Objective: To assess the sensitivity (Sen) and false positive ratio (FPR) of stepwise sequential screening [1st step: combined test (CT), 2nd step: modified genetic sonography (major malformation and nuchal fold, MGS)] as a screening method for Down's syndrome (DS) in the general population of pregnant women.

Methods: Prospective study. During a 5-year study period (July 2005 to June 2010), 17,911 pregnant women were screened for DS using a stepwise sequential screening method (CT+MGS). We evaluated the Sen and FPR (95% CI) of the two chromosomal disorder screening methods for DS: CT and CT+MGS.

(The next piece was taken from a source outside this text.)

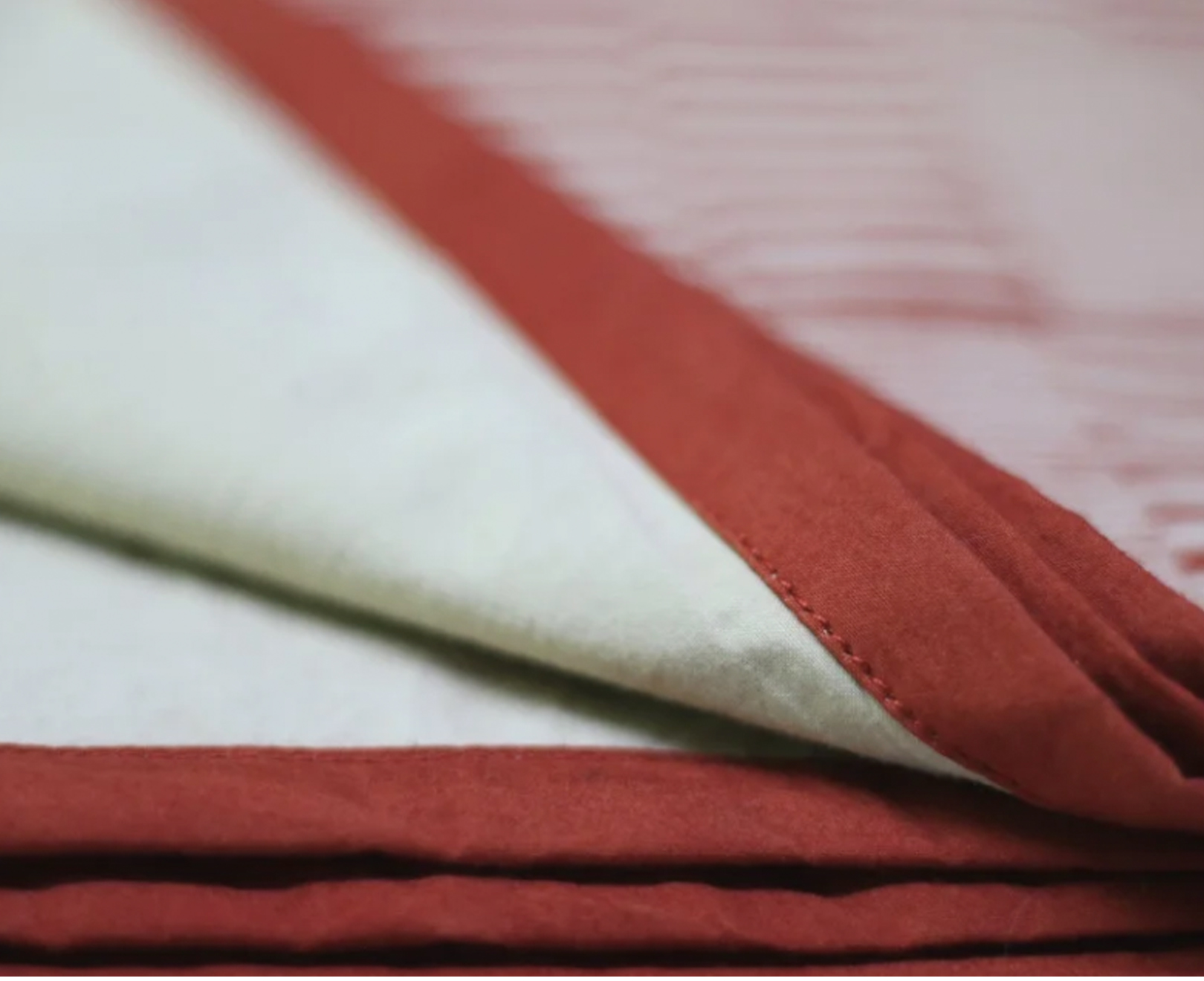 This throw is designed by Louisa Loakes, printed with a natural dye from the root of the Madder plant (Aal); a traditional colour used in Indian block printing.

Results: Seventeen thousand nine hundred and eleven cases were analysed, including 67 with chromosome abnormalities and 45 with DS. The Sen of CT for DS was 80% (95% CI; 68.3-91.7) (36/45) with a FPR of 4.2% (95% CI; 3.9-4.5) (752/17, 866). The Sen of CT+MSG for DS was 93.3 (95% CI; 85.9-99) (42/45) with a FPR of 4.8% (95% CI; 4.5-5.1) (860/17, 866).

Conclusions: MGS coupled with CT increases the Sen of DS diagnosis by 13.3% (95% CI; 2.7-25.9), with an increase in FPR of 0.6% (95% CI; 0.5-0.7).